Since I’m your host today, please consider me this guy –
(Grand Host of Iron Chef – Takeshi Kaga. He Rules.)
The first art presented is considered a sport. In fact, it’s one of the most popular pastimes in Japan with about 7 million participants. The action is fast and furious, and yet very much like a chess match.
Players of this sport don very recognizable helmets and body armor to protect themselves from the bamboo strikes of their opponents. In very spirited matches, the players can be found screaming at each other in an effort to unbalance or disturb.
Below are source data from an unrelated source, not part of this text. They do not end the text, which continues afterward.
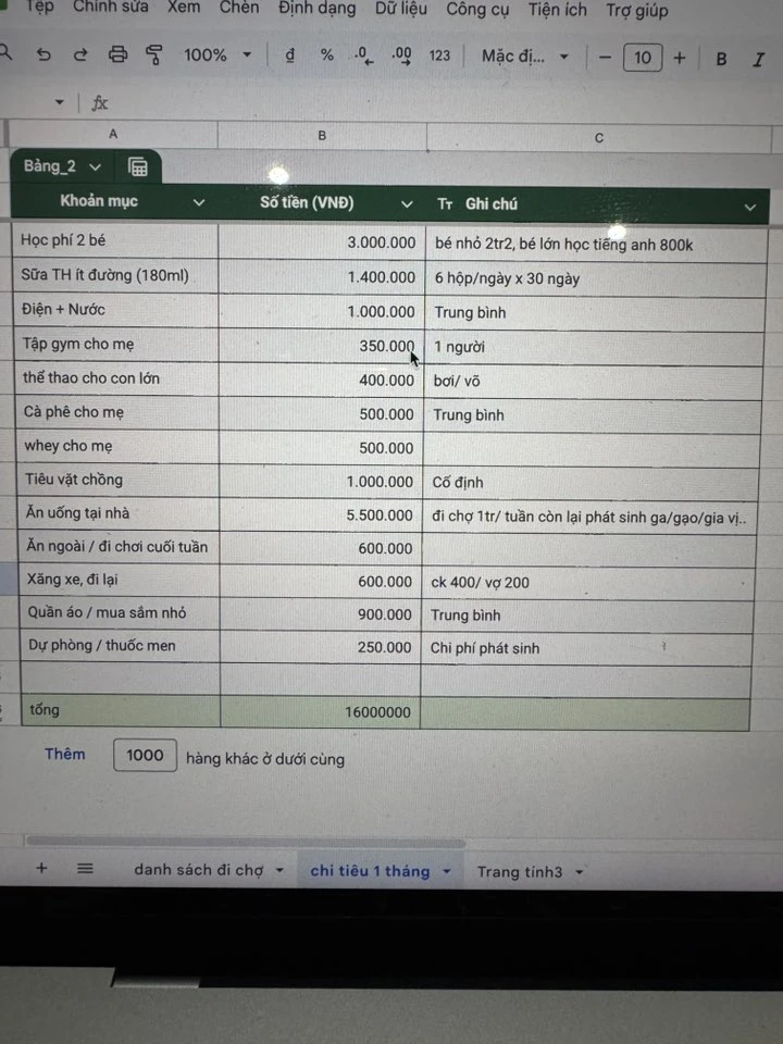 | Hạng mục chi tiêu | Số tiền (đồng) |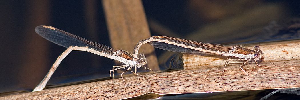 Das Weibchen der Gemeinen Winterlibelle legt seine Eier in der Regel als Tandem - zusammen mit dem Männchen - ab.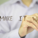 Man, Businessman, entrepreneur, stock trader, analyst or banker writes on transparent wall : Make It Work

This sport runs many tournaments and competitions, but still manages to maintain a high level of traditionalism.
Name that art!
This next art is not for the feint of heart. Bamboo is rarely found in play here; instead, participants use wooden swords called bokken, or metal swords. Beginners tend to use unsharpened blades called iaito, while experts will use razor sharp blades called shinken.
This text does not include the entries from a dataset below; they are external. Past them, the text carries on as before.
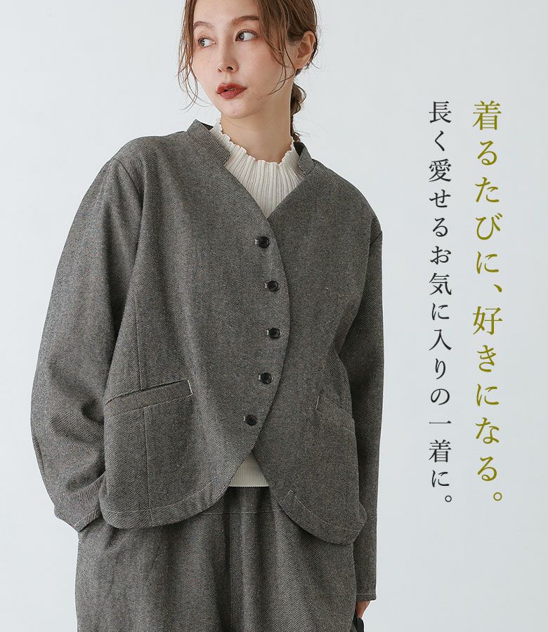 『30%OFFセール★OUKA SELECT綿麻先染フロントカーブジャケット』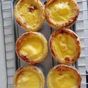 将蛋挞液倒入挞皮中,七分满,上烤箱烤制即可。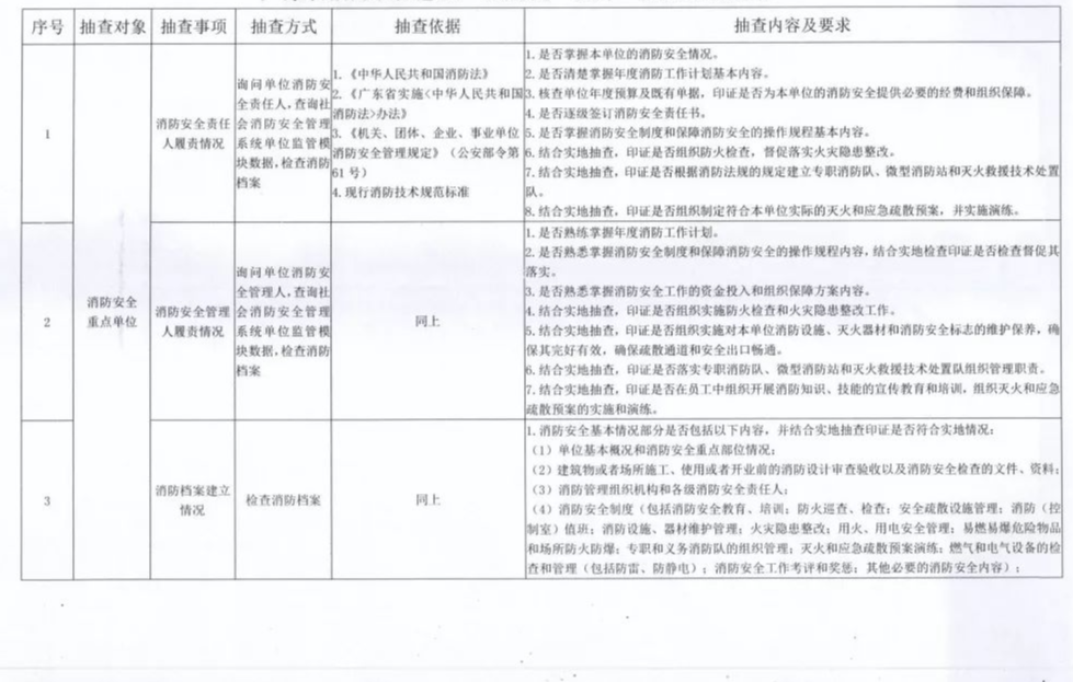 廣東省消防救援總隊“雙隨機、一公開”抽查事項清單公告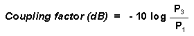 where: P3 is the output power from the coupled port and P4 is the power output from the isolated port.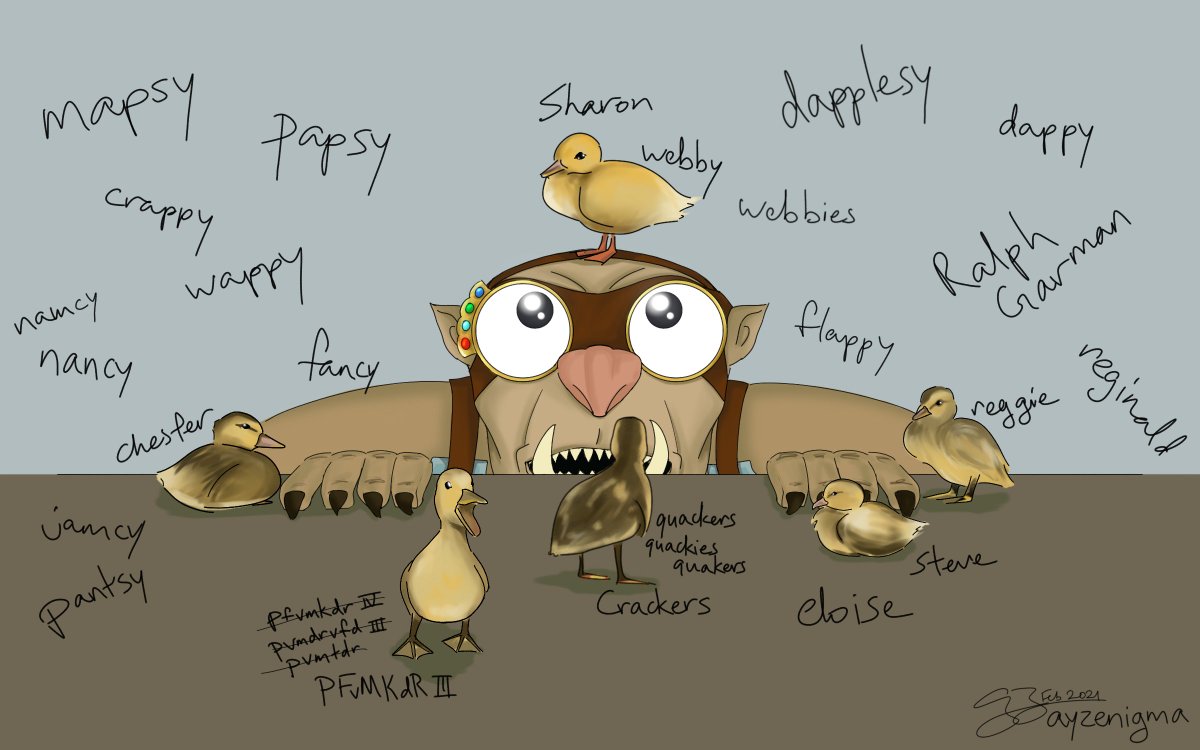 Buddy and his duck buddies!🦆 They're pretty! Though they do have a lot of names for some reason... #criticalrolefanart #criticalrole #narrativetelephone #buddytheogre

Cuts, strikes, blocks, and all other manner of technique will be found in use here. There are no designated hit zones and no rules (except to win, of course). Despite its combative nature, this art still makes time for the building of mind and spirit, with the intent of overcoming one’s opponent and one’s own weakness.
Name that art!
The third art in question is more serene than the first two…at least, on the surface. Often performed from a kneeling position, this is the method of drawing a sword. Few people realize that the act of drawing a japanese katana is an art all by itself.
Unlike other sword practices, this ‘way’ is used for perfection of character moreso than combative effectiveness. That being said, the techniques used are still quite effective, and in some Ryu, maintain a high level of aggressiveness.
Meditative, empowering, and woefully difficult, this art makes you think twice about hurrying (lest you lose a finger).
Name that art!
What would this be –
***ANSWER KEY***ANSWER KEY***ANSWER KEY***
Question 1 – b.) KENDO. That’s right, this is the sport of kendo. Popular, aggressive, and exasperating.
Question 2 – a.) KENJUTSU. Kenjutsu makes up a bulk of what we see in swordplay, but is hardly the only art involved.
Question 3 – c.) IAIDO. It seems so easy…until you try to kneel with grace and poise in a hakama for the first time. Then there’s the sword to deal with…
Question 4 – NONE. Actually, that’s not true. It’s sort of a trick question – one practitioner is doing kenjutsu (the drawn sword) while the other does iaido (the sheathed sword). Did I trick you? Probably not, but maybe I kept you on your toes.